Task details: In the records below, repeat exactly the lines between the line holding "Toallita humedecida de" and the line holding "Giới thiệu Combo", inclusive, and drop the pictures.

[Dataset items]
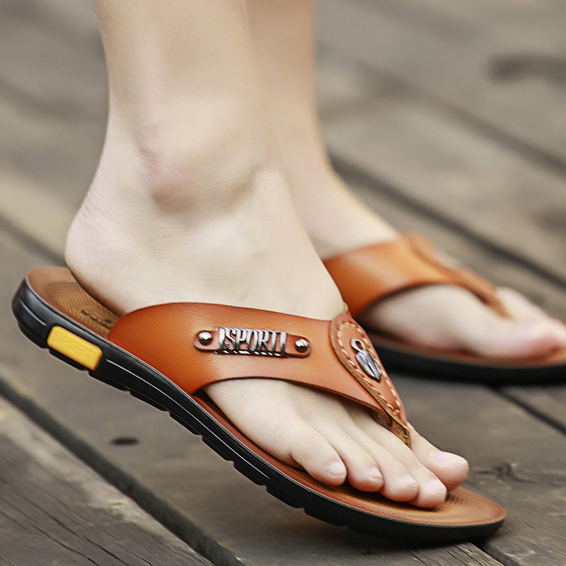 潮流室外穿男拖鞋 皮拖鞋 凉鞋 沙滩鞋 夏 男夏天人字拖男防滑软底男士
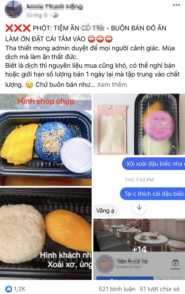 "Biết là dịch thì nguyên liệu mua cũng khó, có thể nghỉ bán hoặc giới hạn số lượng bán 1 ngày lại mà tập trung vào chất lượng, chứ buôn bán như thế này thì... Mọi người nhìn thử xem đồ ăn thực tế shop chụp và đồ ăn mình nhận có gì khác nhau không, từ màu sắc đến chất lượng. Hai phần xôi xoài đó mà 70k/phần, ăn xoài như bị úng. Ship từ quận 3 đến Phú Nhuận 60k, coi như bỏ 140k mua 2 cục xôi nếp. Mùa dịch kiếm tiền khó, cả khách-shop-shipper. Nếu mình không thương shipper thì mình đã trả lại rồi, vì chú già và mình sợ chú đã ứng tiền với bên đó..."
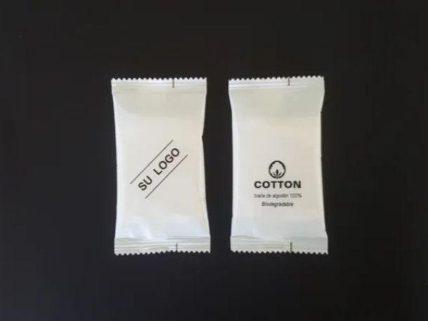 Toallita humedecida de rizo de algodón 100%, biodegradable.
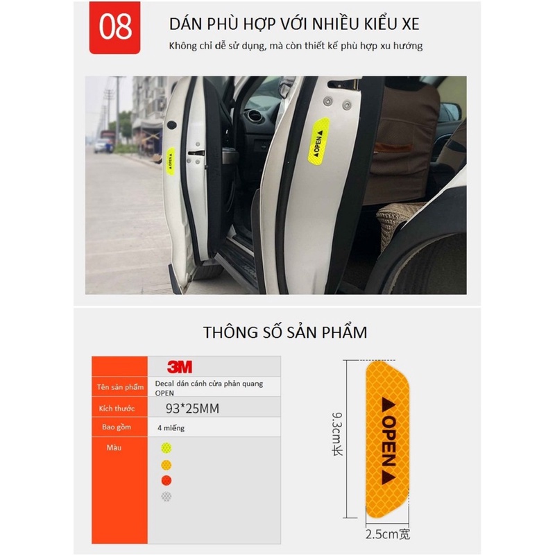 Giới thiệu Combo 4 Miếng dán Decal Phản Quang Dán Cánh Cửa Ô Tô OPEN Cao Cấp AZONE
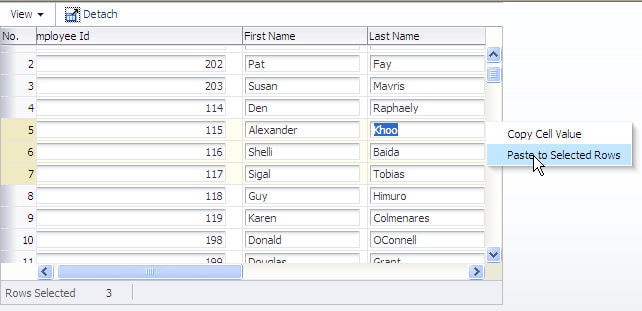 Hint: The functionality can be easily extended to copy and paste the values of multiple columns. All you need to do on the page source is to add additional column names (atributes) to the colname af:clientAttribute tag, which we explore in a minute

Response box:
 Toallita humedecida de rizo de algodón 100%, biodegradable.
 Giới thiệu Combo 4 Miếng dán Decal Phản Quang Dán Cánh Cửa Ô Tô OPEN Cao Cấp AZONE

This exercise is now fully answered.